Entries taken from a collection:
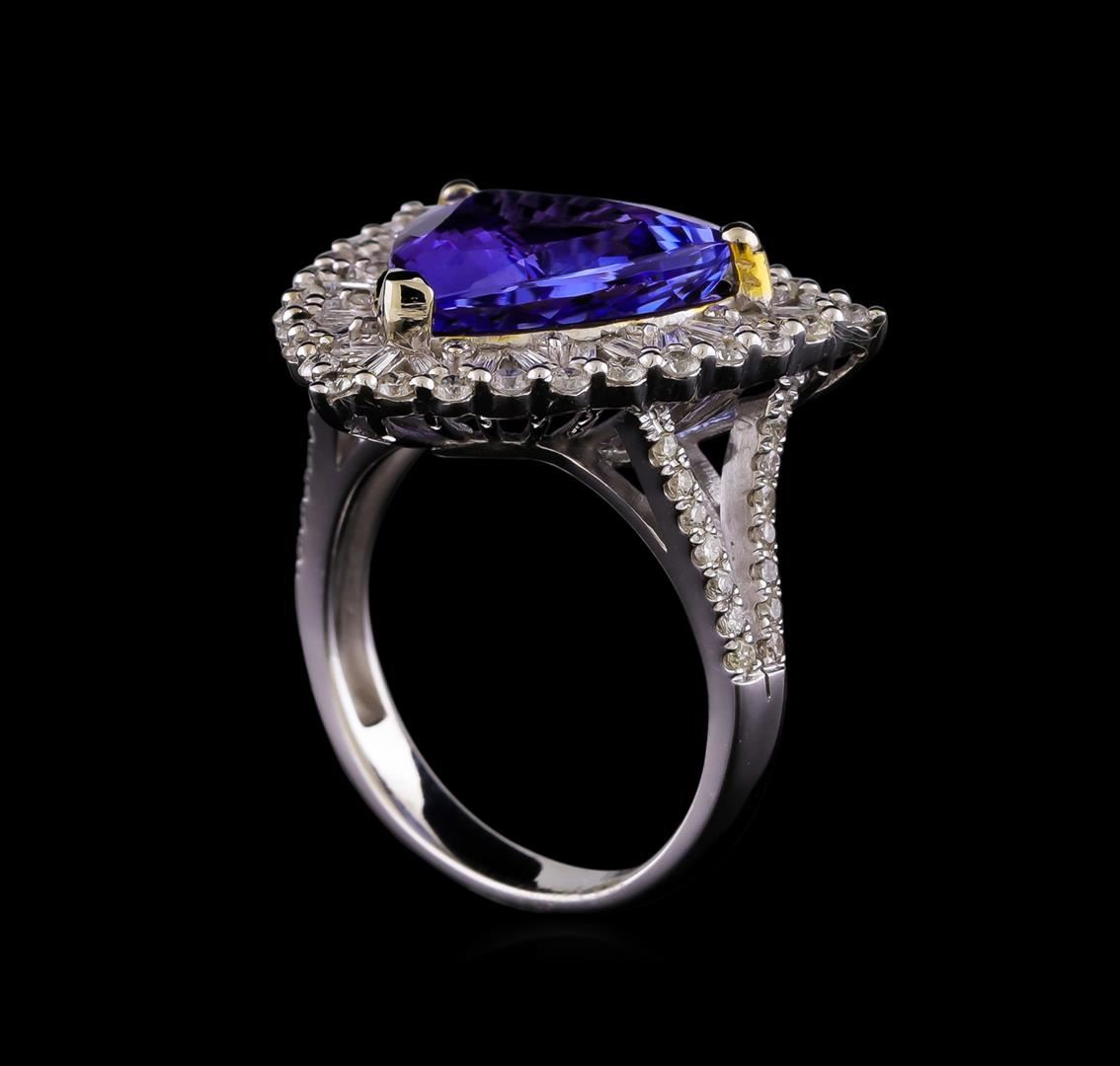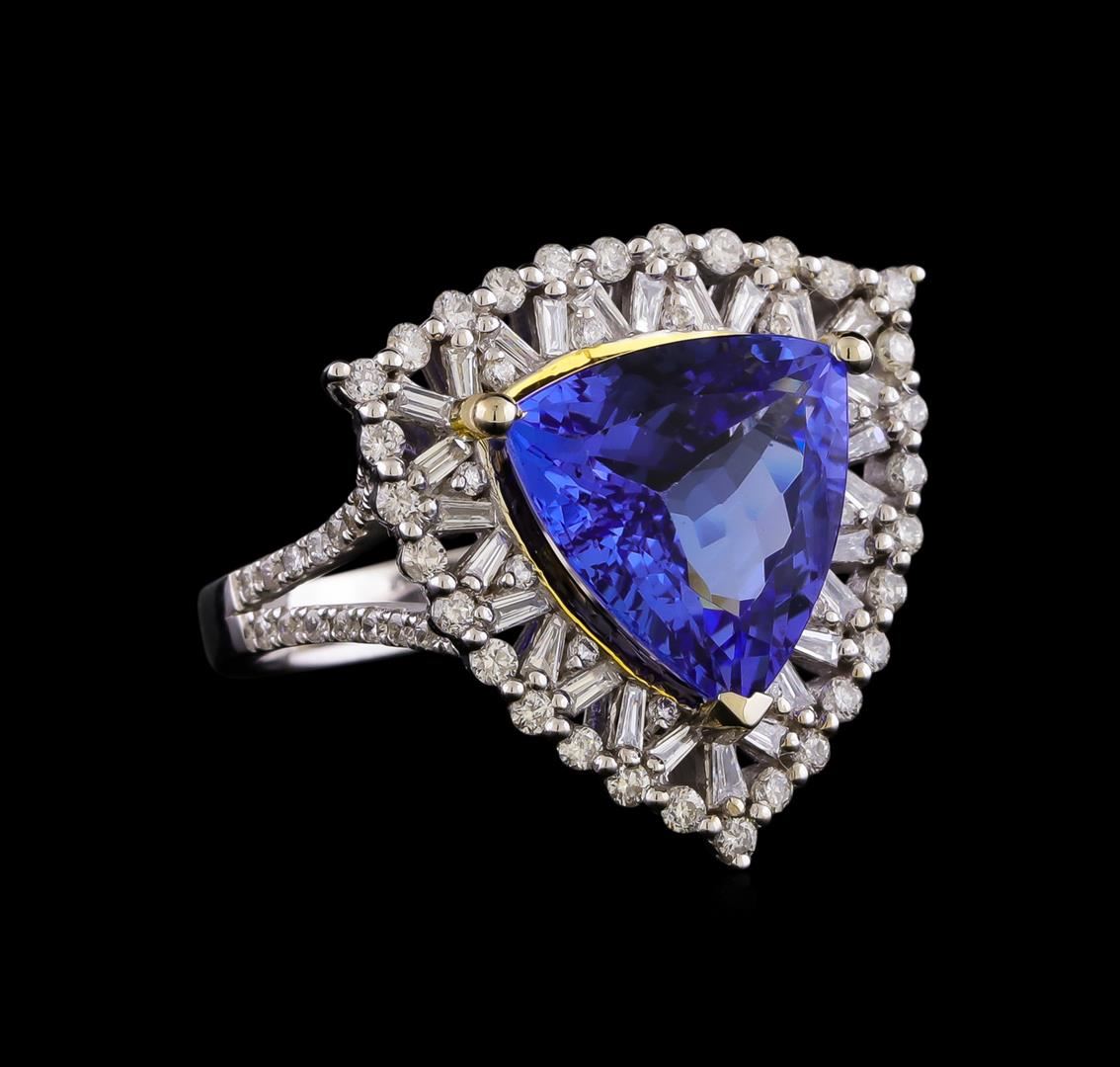 One electronically tested 14KT white and yellow gold ladies combination cast & assembled tanzanite and diamond ring with a flat shank with a bright polish finish. Identified with markings of "14K". Condition is new. Containing: One prong set triangle modified brilliant cut natural tanzanite, measuring 13.41 x 13.41 x 6.13mm, approximate weight of 6.65ct., clarity is eye clean, type I, medium light, moderately strong, bluish violet color, (GIA bV 4/4), cut is good. Seventy prong set round brilliant cut diamonds, measuring 1.50 - 1.10 x 0.78mm (depth est.) approximate total weight of 70 Stones = 0.56ct. Clarity: SI-2 to I-1. Color: H - I, Cut is Good. Twenty-Six prong set baguette cut diamonds, measuring 2.00 x 1.10 x 0.94mm (depth est.) approximate total weight of 26 Stones = 0.49ct. Clarity: SI-1 to SI-2. Color: H - I, Cut is Good. Colored gemstones are presumed to have been subjected to commonly used enhancement processes. All diamonds and colored gemstones are graded in the mounting, unless otherwise stated. Total Weight of Colored Stones 6.65ct. Total Weight of Diamonds 1.05ct. Total Weight of Ring 7.50 grams. GGL Appraised at $14,760.00.
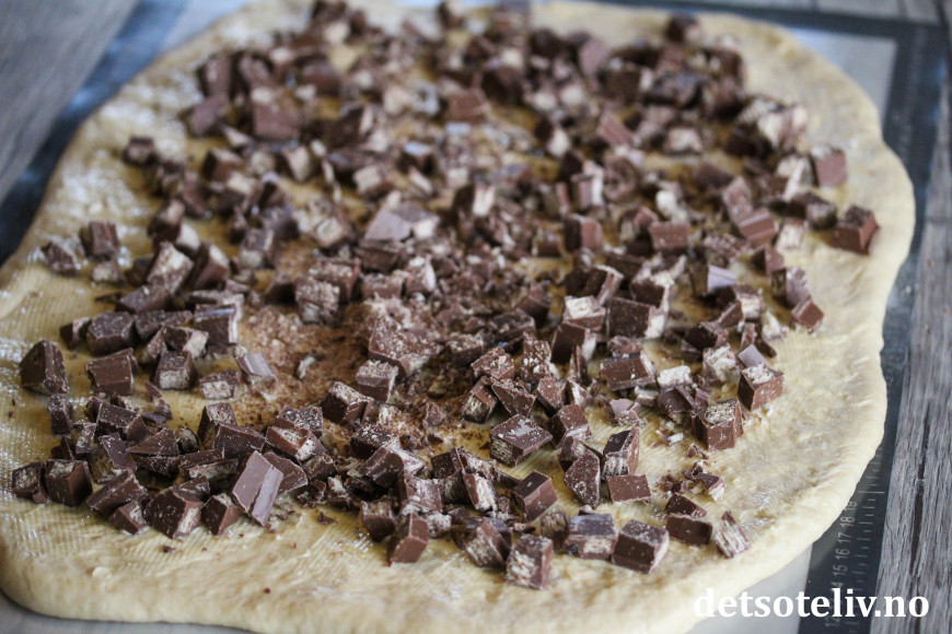 Hakk Kvikk Lunsj-sjokoladene opp i biter og dryss over deigen.
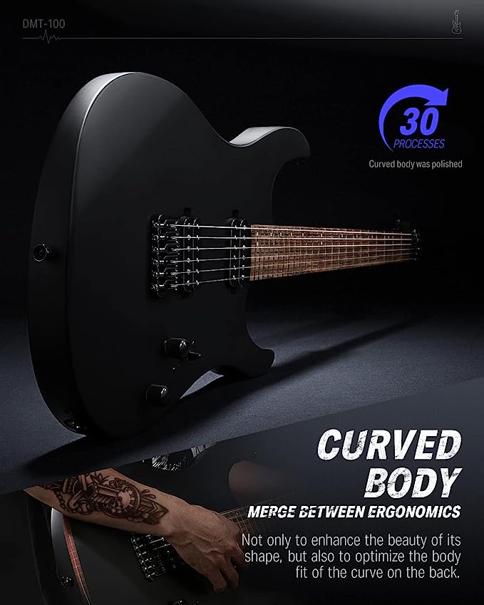 - [Sederhana Tapi Ganas] Hitam putih klasik, menonjolkan estetika sederhana. Metode pelapisan cat bodi gitar sangat tahan aus dan tahan gores. Tidak perlu khawatir akan tergores, meninggalkan bekas, dan perawatan. Desain sudut sudut meluas ke seluruh bodi gitar. Apakah Anda seorang pemain baru atau berpengalaman, DMT-100 akan menjadikan Anda paling agresif di atas panggung.
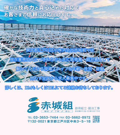 東京都江戸川区の鉄骨会社 株式会社赤城組 求人募集!
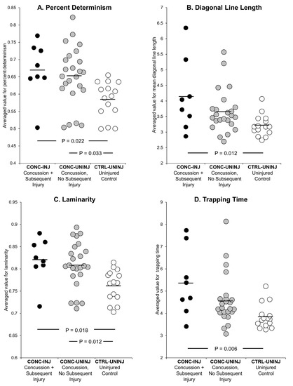 Distribution of individual data points for each of the nonlinear (CRQA) measurements obtained during the assessment after return-to-play clearance. The black bars represent the mean value in each group.
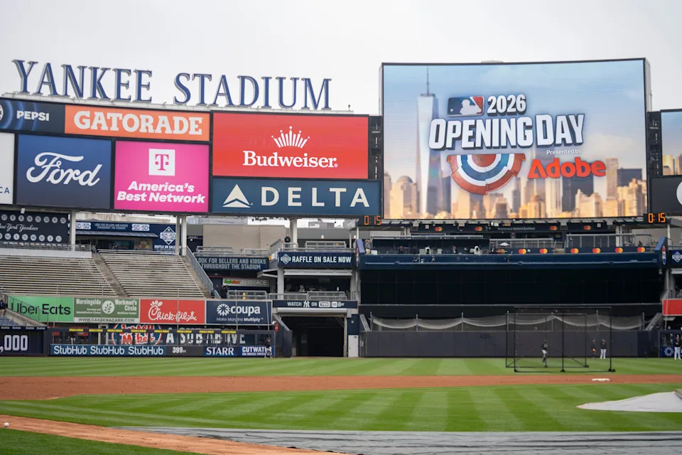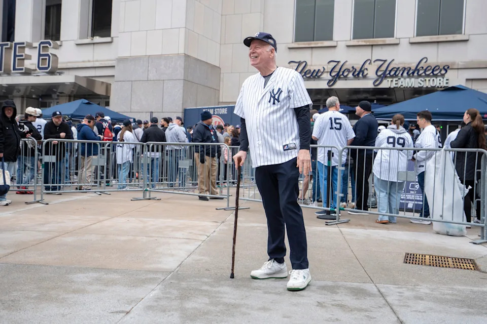A fan waits for his group before the home opener baseball game between the New York Yankees and Miami Marlins at Yankee Stadium in Bronx, NY, Friday, April 3, 2026.
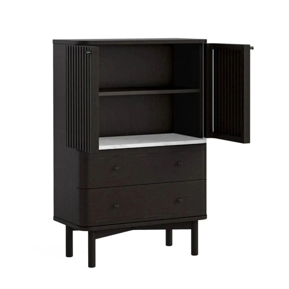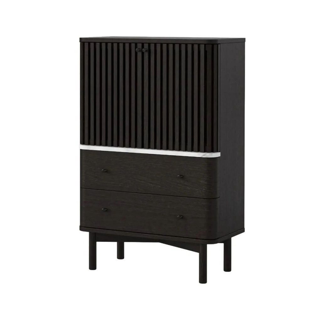 The black finish highlights the smooth grain of the wood, while the slatted doors add subtle texture and visual interest. Behind the two slatted doors are adjustable shelves, including an internal white marble shelf — a signature detail that reflects sophistication and attention to craftsmanship. Stylish black knobs complete the look, balancing simplicity with understated elegance.
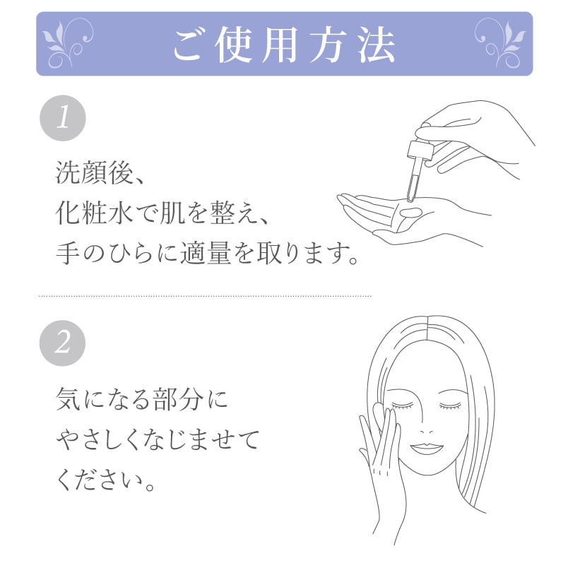 適量(1~2滴)を手のひらにとり、気になる部分へ指先で丁寧につけます。
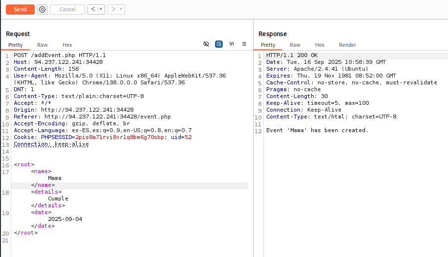 Revisamos la funcionalidad nueva y vemos que maneja los eventos con XML:
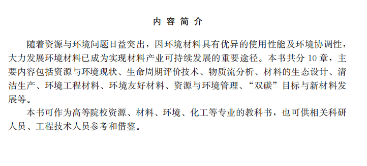 资源与环境材料学/吕宁宁主编. 中国建材工业出版社, 2024. 8 ISBN 9787516041833
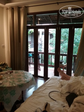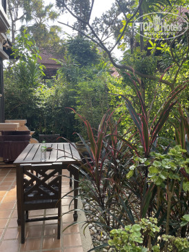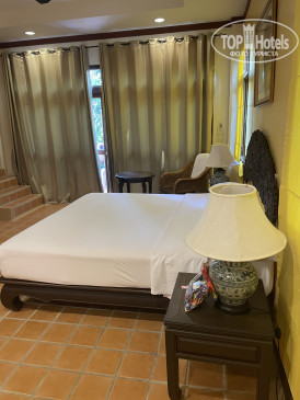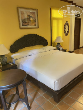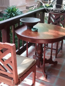 Отель подойдёт тем людям, которые любят и ценят вещи с историей. Номера оборудованы всем необходимым, всё в рабочем состоянии; мебель выполнена в колониальном стиле. Огромная двуспальная кровать и полноценная полуторная с удобными матрасами и подушками. Есть письменный стол. В номере есть сейф, микроволновка, термопод (он же чайник), чашки, ложки (можно попросить ещё посуду), чай и растворимый кофе в пакетиках, небольшой холодильник. Каждый день на человека ставят по 0,5 л питьевой воды. В ванной есть все «мыльно-рыльные» принадлежности, которые пополнялись без напоминаний. Понравилось, что есть достаточно места для хранения вещей: вместительный шкаф с полками, комод и два открытых шкафа с вешалками и верхними полками. Кондиционер и вентилятор работали отлично, кондиционер автоматически не выключался, если мы уходили из номера, т.е. возвращались в прохладу. Были два фумигатора и пластины от москитов к ним. Советую не пренебрегать данным гаджетом и не держать двери/балкон открытыми, т.к.комаров много. Уборка номера нас полностью устроила, убирали номер до 12 часов; мы ежедневно благодарили нашу горничную небольшими чаевыми. Номер представлял собой отдельный домик с террасой рядом со взрослым бассейном; вход от взглядов проходящих людей закрывали плотные заросли кустарника. На террасе находится стол со стульями и сушилка для купальников. К сожалению, посидеть на террасе вечерами не получалось,— уж больно много москитов (спирали от комаров и домашние спреи не помогали).

* Problem to solve
Write out exactly the lines between the start of the data and the line with "A fan waits", including both, but none of the pictures.

* Exercise result
 One electronically tested 14KT white and yellow gold ladies combination cast & assembled tanzanite and diamond ring with a flat shank with a bright polish finish. Identified with markings of "14K". Condition is new. Containing: One prong set triangle modified brilliant cut natural tanzanite, measuring 13.41 x 13.41 x 6.13mm, approximate weight of 6.65ct., clarity is eye clean, type I, medium light, moderately strong, bluish violet color, (GIA bV 4/4), cut is good. Seventy prong set round brilliant cut diamonds, measuring 1.50 - 1.10 x 0.78mm (depth est.) approximate total weight of 70 Stones = 0.56ct. Clarity: SI-2 to I-1. Color: H - I, Cut is Good. Twenty-Six prong set baguette cut diamonds, measuring 2.00 x 1.10 x 0.94mm (depth est.) approximate total weight of 26 Stones = 0.49ct. Clarity: SI-1 to SI-2. Color: H - I, Cut is Good. Colored gemstones are presumed to have been subjected to commonly used enhancement processes. All diamonds and colored gemstones are graded in the mounting, unless otherwise stated. Total Weight of Colored Stones 6.65ct. Total Weight of Diamonds 1.05ct. Total Weight of Ring 7.50 grams. GGL Appraised at $14,760.00.
 Hakk Kvikk Lunsj-sjokoladene opp i biter og dryss over deigen.
 - [Sederhana Tapi Ganas] Hitam putih klasik, menonjolkan estetika sederhana. Metode pelapisan cat bodi gitar sangat tahan aus dan tahan gores. Tidak perlu khawatir akan tergores, meninggalkan bekas, dan perawatan. Desain sudut sudut meluas ke seluruh bodi gitar. Apakah Anda seorang pemain baru atau berpengalaman, DMT-100 akan menjadikan Anda paling agresif di atas panggung.
 東京都江戸川区の鉄骨会社 株式会社赤城組 求人募集!
 Distribution of individual data points for each of the nonlinear (CRQA) measurements obtained during the assessment after return-to-play clearance. The black bars represent the mean value in each group.
A fan waits for his group before the home opener baseball game between the New York Yankees and Miami Marlins at Yankee Stadium in Bronx, NY, Friday, April 3, 2026.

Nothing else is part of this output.